Rep. Adam Schiff discussed the January 6th committee's plans to thwart the likes of Jim Jordan cherry-picking any of the evidence after their report is released. Schiff pushed back at some of the reporting coming from the Washington Post which suggested there were tensions between committee staffers and Liz Cheney over whether the final report might focus too much on Trump.
“No, I mean at least I certainly hope not,” Schiff told co-anchor Dana Bash on CNN’s “State of the Union” when asked if the story was true.
The Post indicated the staffers want to also focus the report on security and intelligence failures leading up to the Capitol attack.
“I would like to see a report be as broad and inclusive as possible,” Schiff said. “We are discussing as a committee among the members, what belongs in the body of the report, what belongs in the appendices of the report, what is beyond the scope of our investigation.
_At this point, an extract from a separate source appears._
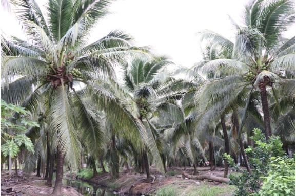 Vườn dừa xiêm dứa ở phường Long Đức, tỉnh Vĩnh Long (địa bàn tỉnh Trà Vinh trước sáp nhập 3 tỉnh Vĩnh Long, Bến Tre, Trà Vinh). Ảnh: Thanh Hòa/TTXVN.

And we’ll reach those decisions in a collaborative manner.”
Schiff then discussed the committee's plans to deal with the likes of incoming House Judiciary Chair Jim Jordan who is likely to try to cherry-pick some of their findings to try to generate some new fake scandal by the right. Whether it will be successful or not remains to be seen:
SCHIFF: We're also going to be releasing the evidence, which may be the most important thing, the voluminous transcripts, the documents and e- mails. We want to make sure that that's put before the American people. We certainly don't want the Jim Jordans of the world to cherry-pick anything not disclosed and make a false or misleading narrative out of it.
So, the country is going to have the evidence. They're going to have our report. And I'm enormously proud of what we have done and know I will be proud of the final result.
BASH: Well, I was going to ask you about that.
Jim Jordan has already said that he is going to -- he will be the chairman of the Judiciary Committee. He is -- likely. He is going to go through the evidence you left out. You're saying that there won't be evidence that will not be made public.
SCHIFF: The evidence will all be made public.
Now, we will have to make sure that we scrub that evidence for personally identifiable information, that the evidence that we provide protects people's security, it doesn't put them at risk. So there are things that we're going to have to do along those lines.
But, yes, we want to put the evidence before the American people, which supports the hearings that we have done, as well as the report that we will put out, and will be a comprehensive picture.